[Activity]: Set down the first line below and each line after it, ending with the one that holds "Vulpis Fox manico". Pictures do not belong in the copy.

[Raw data]:
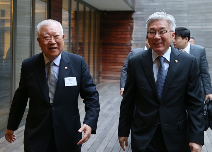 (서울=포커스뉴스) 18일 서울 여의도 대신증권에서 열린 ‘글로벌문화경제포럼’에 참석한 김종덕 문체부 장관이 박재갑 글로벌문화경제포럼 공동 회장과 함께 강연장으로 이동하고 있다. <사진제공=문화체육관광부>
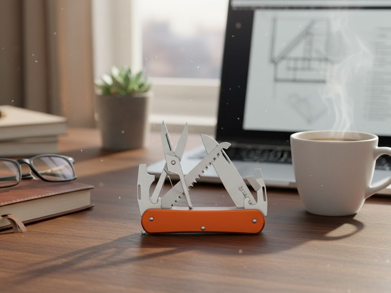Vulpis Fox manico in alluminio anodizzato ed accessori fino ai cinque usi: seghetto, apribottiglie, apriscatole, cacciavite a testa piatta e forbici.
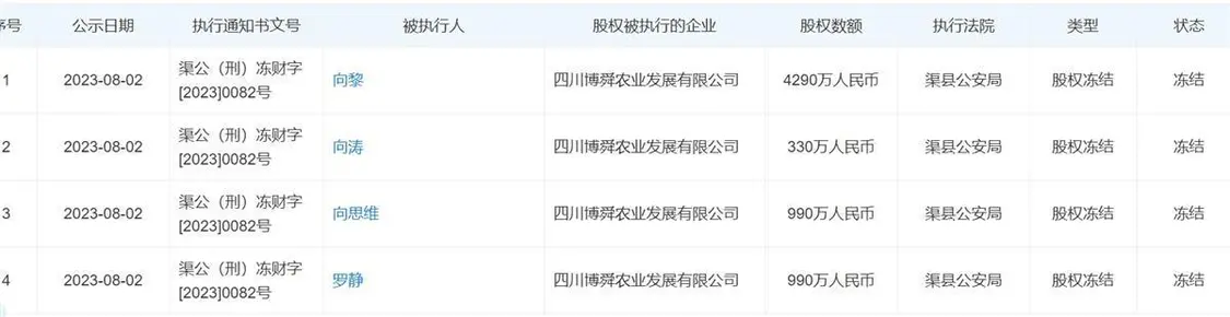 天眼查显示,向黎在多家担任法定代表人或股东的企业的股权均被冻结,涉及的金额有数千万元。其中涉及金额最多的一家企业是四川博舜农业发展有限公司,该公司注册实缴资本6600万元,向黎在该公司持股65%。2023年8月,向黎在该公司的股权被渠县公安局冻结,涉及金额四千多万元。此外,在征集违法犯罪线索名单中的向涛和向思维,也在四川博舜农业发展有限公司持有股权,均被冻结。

[Answer area]:
 (서울=포커스뉴스) 18일 서울 여의도 대신증권에서 열린 ‘글로벌문화경제포럼’에 참석한 김종덕 문체부 장관이 박재갑 글로벌문화경제포럼 공동 회장과 함께 강연장으로 이동하고 있다. <사진제공=문화체육관광부>
Vulpis Fox manico in alluminio anodizzato ed accessori fino ai cinque usi: seghetto, apribottiglie, apriscatole, cacciavite a testa piatta e forbici.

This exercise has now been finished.